Verizon just delivered a brutal reality check to 13,000 employees. New CEO Dan Schulman announced the telecom giant is slashing 13% of its workforce - one of the industry's largest layoffs this year. The cuts come as the company bleeds customers and scrambles to fund a $20 billion expansion into fiber internet.
Verizon just dropped the hammer on more than 13,000 employees, marking one of the telecommunications industry's most dramatic workforce reductions this year. The announcement came through a company-wide memo from CEO Dan Schulman, who took the helm just last month after leading PayPal for nearly a decade. The timing couldn't be more telling - a new sheriff cleaning house as the telecom giant struggles with customer defections and mounting costs from its aggressive expansion strategy.
The numbers paint a stark picture. With around 100,000 full-time employees as of September, according to Verizon's Q3 earnings report, this 13% reduction represents the largest single workforce cut in the company's recent history. But it's not just about headcount - Schulman's memo makes clear this is about fundamentally rewiring how Verizon operates.

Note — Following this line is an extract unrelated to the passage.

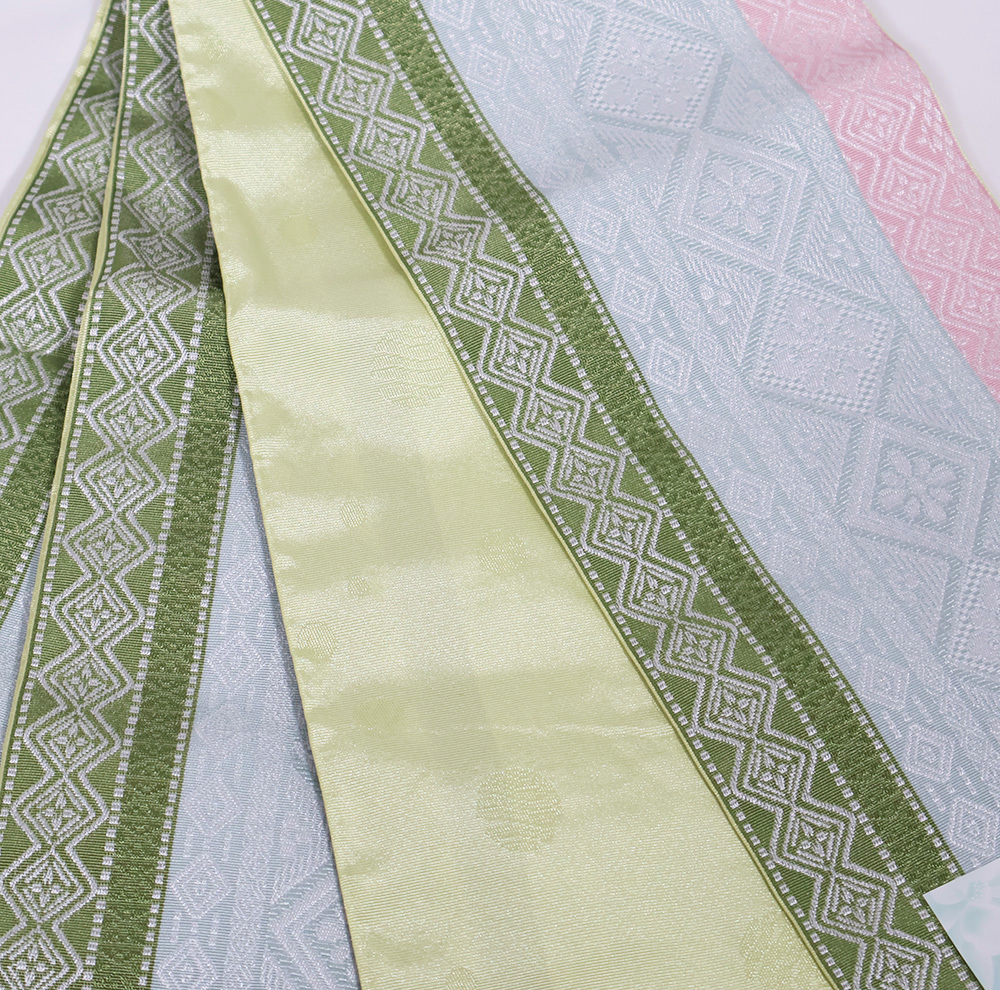 | 色 | 表側:緑・ライトグレー・ピンク地花菱文 裏側:黄地水玉 |

"Our current cost structure limits our ability to invest significantly in our customer value proposition," Schulman wrote to employees, painting the layoffs as necessary surgery rather than panic. The message, first reported by The Wall Street Journal, reveals a company under pressure from multiple fronts: bleeding subscribers, expensive acquisitions, and the need to compete in an increasingly crowded market.
The timing exposes Verizon's precarious position. The company's most recent earnings showed a loss of 7,000 postpaid phone customers, even as rivals like T-Mobile continue gaining ground. That subscriber erosion comes at the worst possible moment, as Verizon doubles down on expensive bets to transform from a traditional wireless carrier into a broadband powerhouse.
The $20 billion merger with fiber provider Frontier and the acquisition of antenna-based internet service provider Starry represent Schulman's vision for Verizon's future. But funding that transformation requires serious cost discipline - hence the mass layoffs hitting every division of the company.